• SUPPLIED MATERIAL:
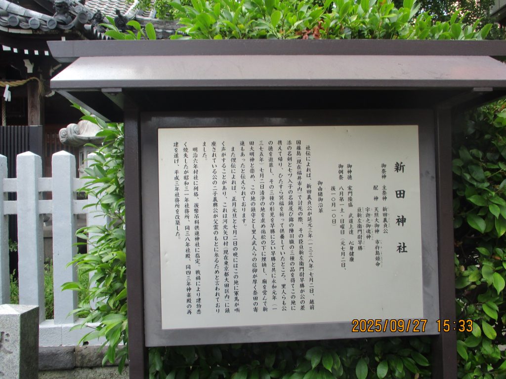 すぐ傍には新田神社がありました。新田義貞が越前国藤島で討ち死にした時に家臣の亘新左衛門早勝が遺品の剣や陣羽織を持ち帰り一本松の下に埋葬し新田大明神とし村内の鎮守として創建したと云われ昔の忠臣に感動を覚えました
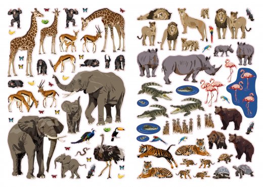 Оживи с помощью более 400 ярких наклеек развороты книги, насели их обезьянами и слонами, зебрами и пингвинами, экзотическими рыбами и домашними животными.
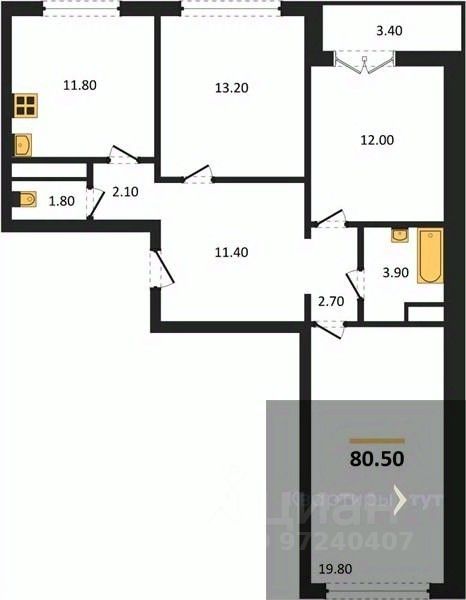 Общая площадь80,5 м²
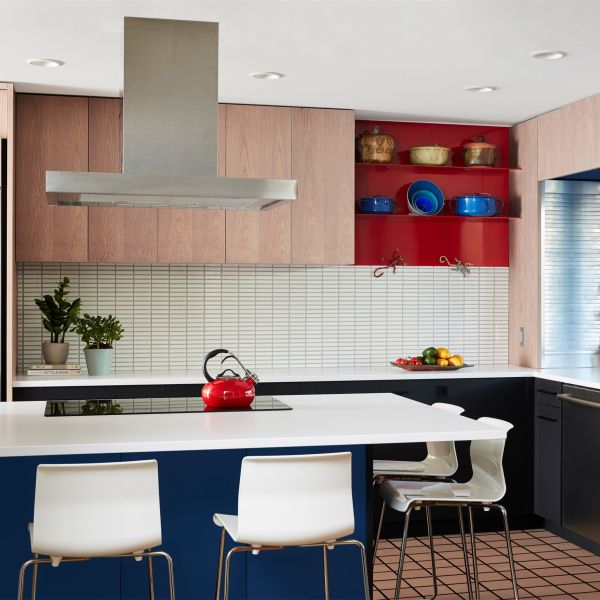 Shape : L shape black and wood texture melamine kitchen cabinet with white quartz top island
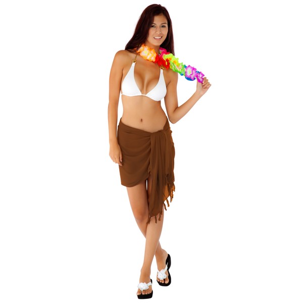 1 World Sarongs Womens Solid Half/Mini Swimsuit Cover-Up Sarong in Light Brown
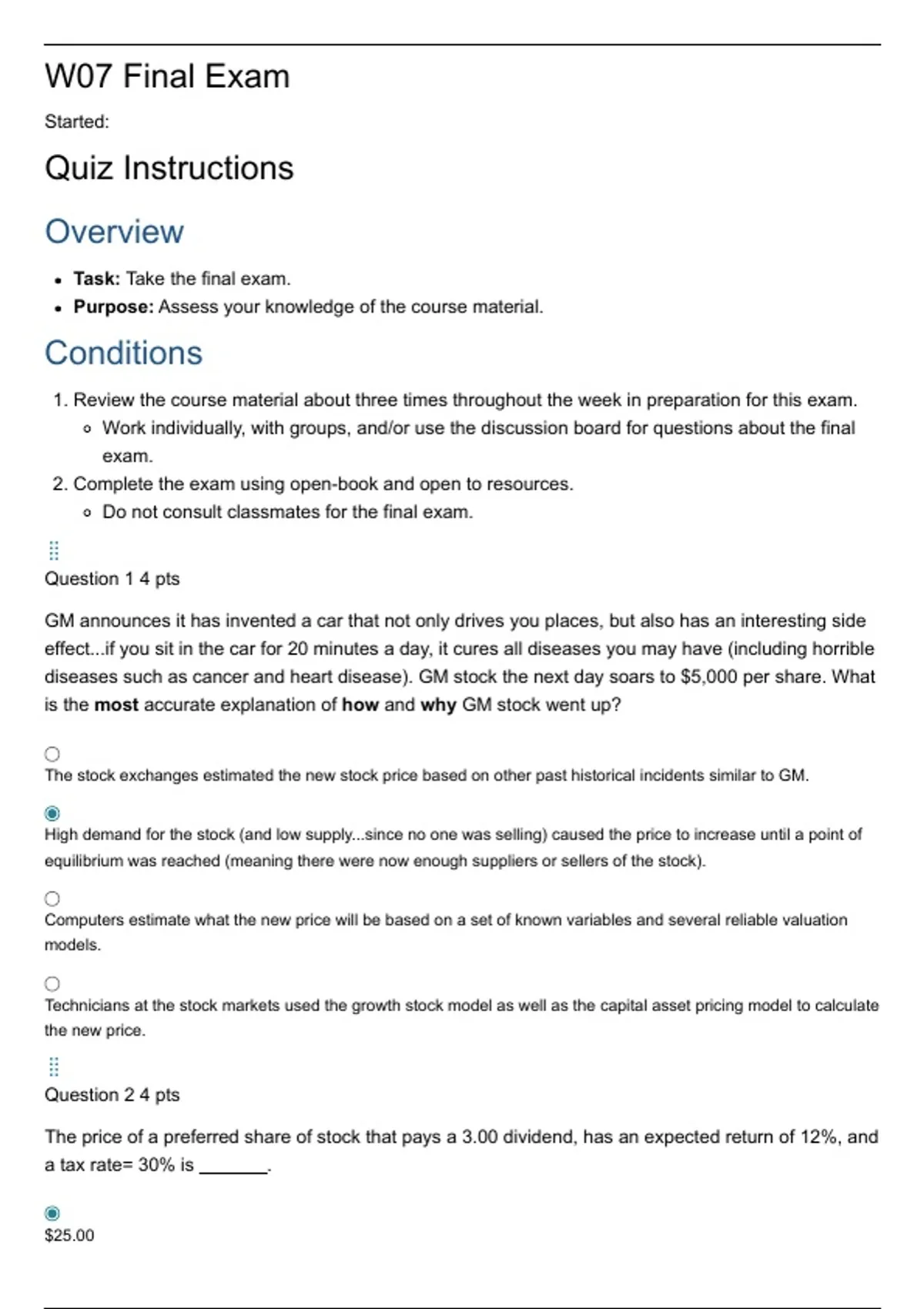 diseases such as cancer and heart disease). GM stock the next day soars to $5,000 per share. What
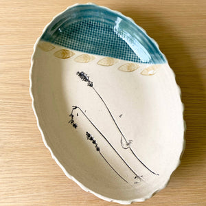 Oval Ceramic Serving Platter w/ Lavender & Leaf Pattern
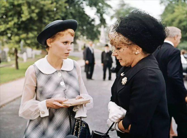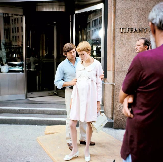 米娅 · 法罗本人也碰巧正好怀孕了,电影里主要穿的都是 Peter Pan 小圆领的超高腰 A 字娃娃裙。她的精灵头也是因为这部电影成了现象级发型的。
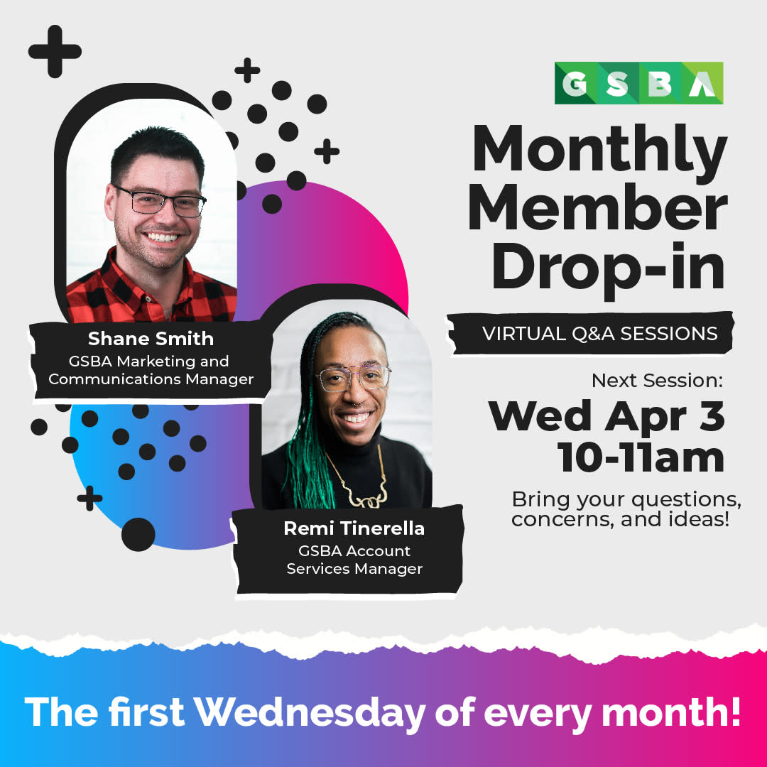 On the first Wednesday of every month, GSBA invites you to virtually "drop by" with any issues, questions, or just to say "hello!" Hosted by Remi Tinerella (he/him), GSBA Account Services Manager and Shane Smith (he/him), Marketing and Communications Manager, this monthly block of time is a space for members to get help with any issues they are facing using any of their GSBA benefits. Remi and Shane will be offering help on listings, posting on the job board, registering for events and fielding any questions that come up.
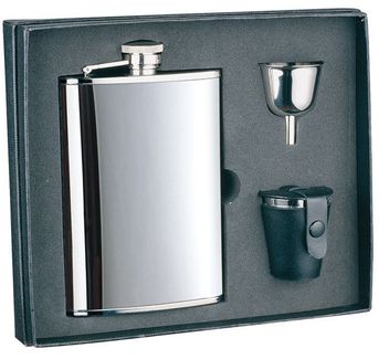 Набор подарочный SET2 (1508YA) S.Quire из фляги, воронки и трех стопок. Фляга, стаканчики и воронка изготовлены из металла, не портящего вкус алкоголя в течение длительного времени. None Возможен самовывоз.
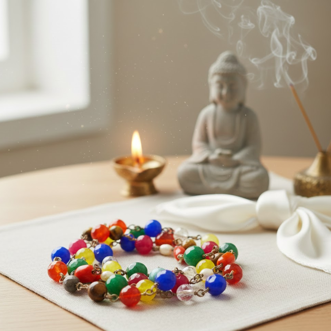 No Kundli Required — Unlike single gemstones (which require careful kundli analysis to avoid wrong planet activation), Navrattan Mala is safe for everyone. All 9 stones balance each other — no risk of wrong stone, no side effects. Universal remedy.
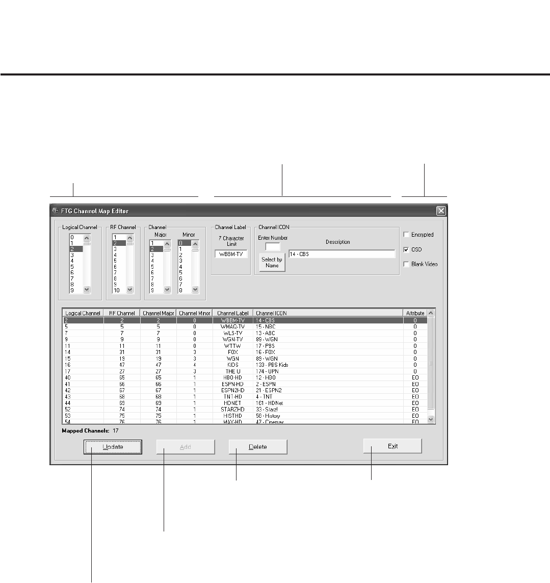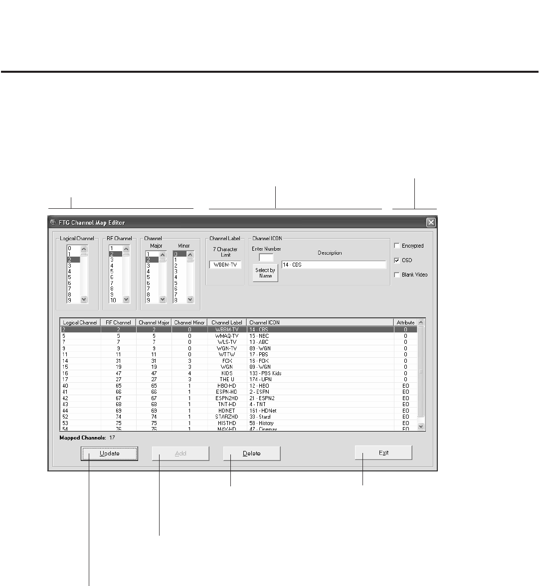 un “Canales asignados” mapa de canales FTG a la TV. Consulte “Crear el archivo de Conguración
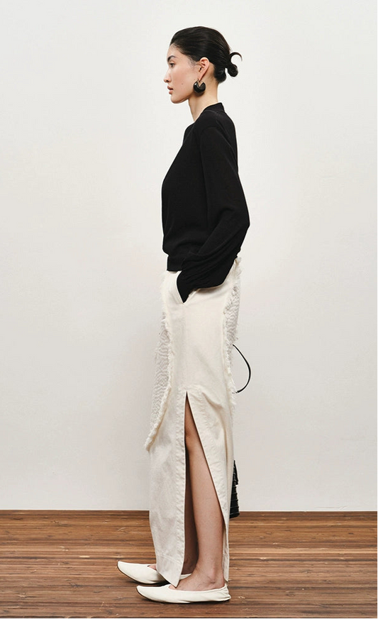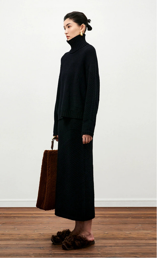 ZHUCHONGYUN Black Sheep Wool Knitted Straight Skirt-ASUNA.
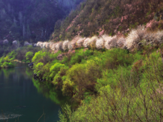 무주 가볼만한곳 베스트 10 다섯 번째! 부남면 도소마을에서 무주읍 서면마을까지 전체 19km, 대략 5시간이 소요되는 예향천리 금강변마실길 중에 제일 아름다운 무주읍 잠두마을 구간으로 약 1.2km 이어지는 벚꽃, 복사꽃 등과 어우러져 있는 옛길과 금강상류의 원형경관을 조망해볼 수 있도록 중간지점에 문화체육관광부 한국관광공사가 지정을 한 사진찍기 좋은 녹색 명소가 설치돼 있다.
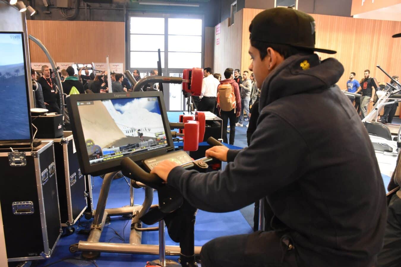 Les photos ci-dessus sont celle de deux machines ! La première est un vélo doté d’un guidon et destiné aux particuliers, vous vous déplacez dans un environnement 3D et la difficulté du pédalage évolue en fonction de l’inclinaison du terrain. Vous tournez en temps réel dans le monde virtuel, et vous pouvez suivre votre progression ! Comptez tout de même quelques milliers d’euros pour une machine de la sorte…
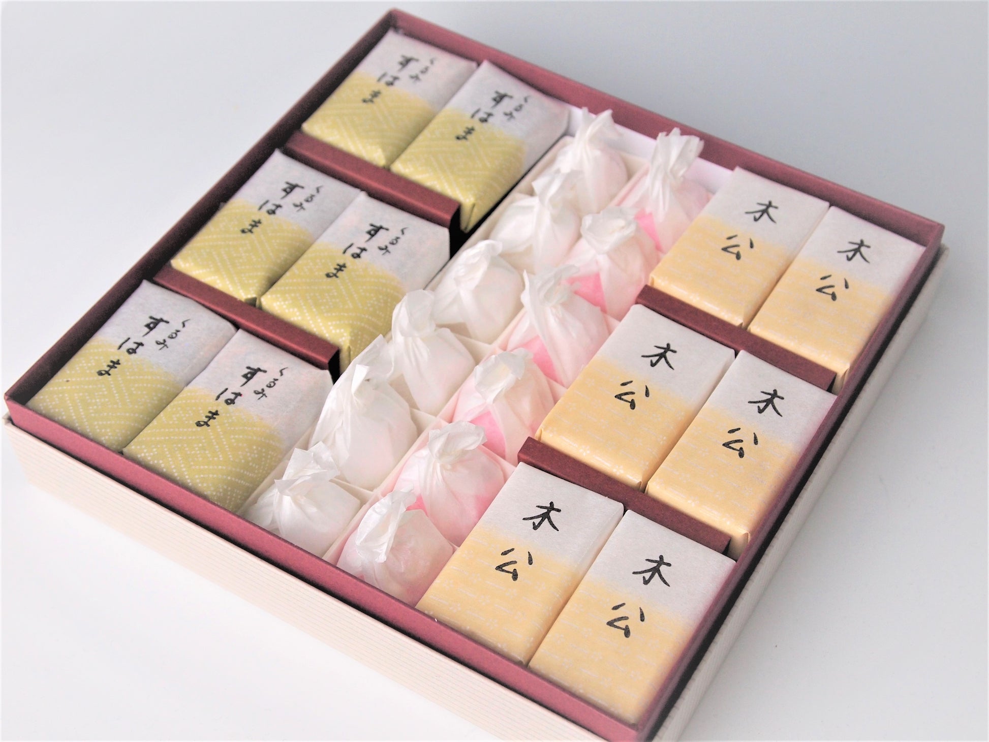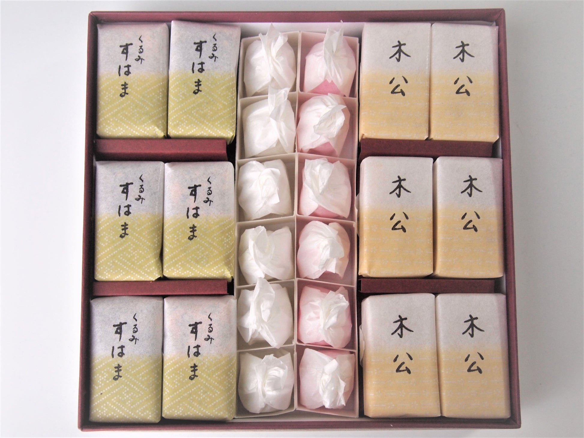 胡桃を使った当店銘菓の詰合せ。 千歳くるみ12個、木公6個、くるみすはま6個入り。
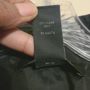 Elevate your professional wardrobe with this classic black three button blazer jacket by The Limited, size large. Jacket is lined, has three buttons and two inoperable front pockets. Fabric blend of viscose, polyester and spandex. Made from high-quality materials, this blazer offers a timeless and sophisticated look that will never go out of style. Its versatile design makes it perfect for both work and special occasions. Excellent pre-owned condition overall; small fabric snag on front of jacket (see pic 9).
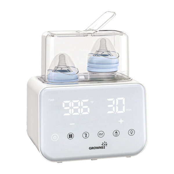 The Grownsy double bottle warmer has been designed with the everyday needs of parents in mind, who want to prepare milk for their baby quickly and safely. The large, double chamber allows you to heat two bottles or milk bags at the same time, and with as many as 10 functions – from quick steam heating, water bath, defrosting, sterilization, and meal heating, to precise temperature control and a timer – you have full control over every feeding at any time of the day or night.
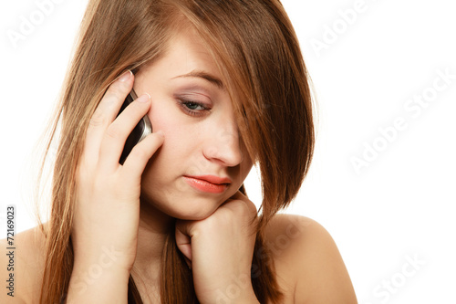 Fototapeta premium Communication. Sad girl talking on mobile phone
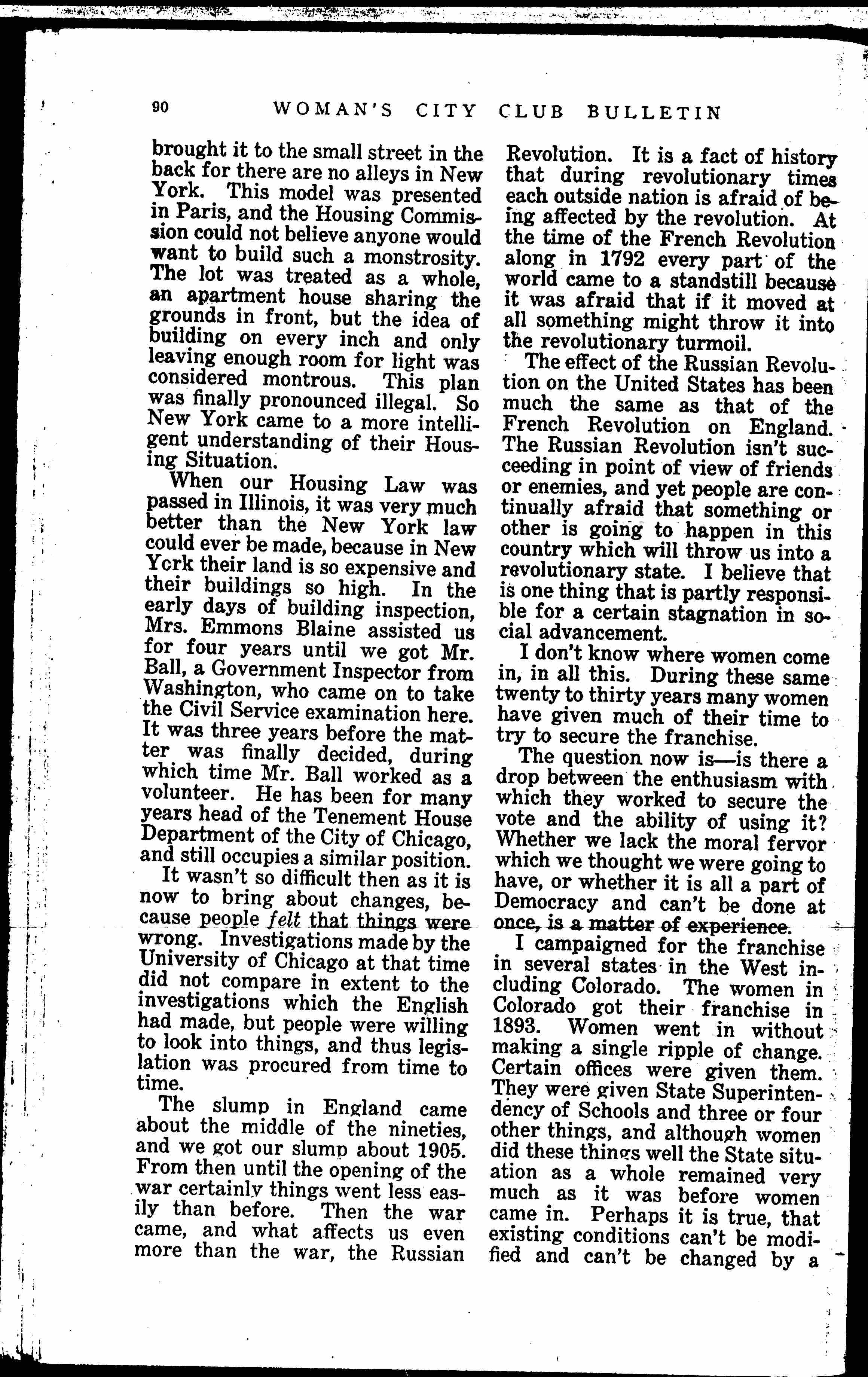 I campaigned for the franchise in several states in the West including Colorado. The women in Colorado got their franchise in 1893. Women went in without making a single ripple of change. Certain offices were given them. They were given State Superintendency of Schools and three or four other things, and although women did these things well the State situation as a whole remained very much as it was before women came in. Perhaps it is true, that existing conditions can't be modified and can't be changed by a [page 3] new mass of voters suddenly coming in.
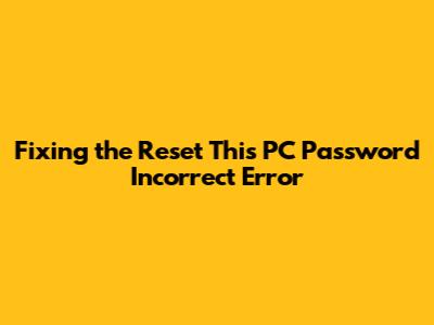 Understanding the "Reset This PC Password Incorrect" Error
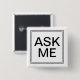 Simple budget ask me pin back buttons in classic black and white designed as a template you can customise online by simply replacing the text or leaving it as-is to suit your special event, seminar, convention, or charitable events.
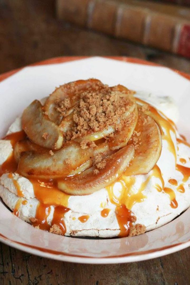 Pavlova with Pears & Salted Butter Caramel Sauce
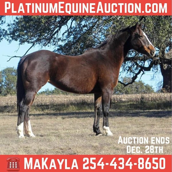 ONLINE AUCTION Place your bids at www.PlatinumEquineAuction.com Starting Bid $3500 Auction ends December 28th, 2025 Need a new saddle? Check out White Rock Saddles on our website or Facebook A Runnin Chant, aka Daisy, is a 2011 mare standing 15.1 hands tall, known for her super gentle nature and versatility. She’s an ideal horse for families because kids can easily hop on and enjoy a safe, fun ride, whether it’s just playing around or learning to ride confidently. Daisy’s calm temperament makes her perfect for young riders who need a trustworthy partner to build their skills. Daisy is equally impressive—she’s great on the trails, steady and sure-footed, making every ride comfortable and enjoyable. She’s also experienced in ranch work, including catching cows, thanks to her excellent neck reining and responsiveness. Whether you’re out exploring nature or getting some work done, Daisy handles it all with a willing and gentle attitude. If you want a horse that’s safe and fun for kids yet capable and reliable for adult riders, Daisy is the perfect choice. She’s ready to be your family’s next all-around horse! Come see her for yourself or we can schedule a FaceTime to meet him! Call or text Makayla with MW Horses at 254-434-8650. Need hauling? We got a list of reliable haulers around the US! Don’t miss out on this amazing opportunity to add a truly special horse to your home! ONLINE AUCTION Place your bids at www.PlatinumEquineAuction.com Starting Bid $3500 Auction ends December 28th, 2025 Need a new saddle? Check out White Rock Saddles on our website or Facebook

• BRIEF:
A verbatim reproduction is expected: starting at the line above that has "Набор подарочный SET2", ending at the line that has "No Kundli Required", both included, and with no pictures and no other lines.

• WRITTEN SOLUTION:
 Набор подарочный SET2 (1508YA) S.Quire из фляги, воронки и трех стопок. Фляга, стаканчики и воронка изготовлены из металла, не портящего вкус алкоголя в течение длительного времени. None Возможен самовывоз.
 No Kundli Required — Unlike single gemstones (which require careful kundli analysis to avoid wrong planet activation), Navrattan Mala is safe for everyone. All 9 stones balance each other — no risk of wrong stone, no side effects. Universal remedy.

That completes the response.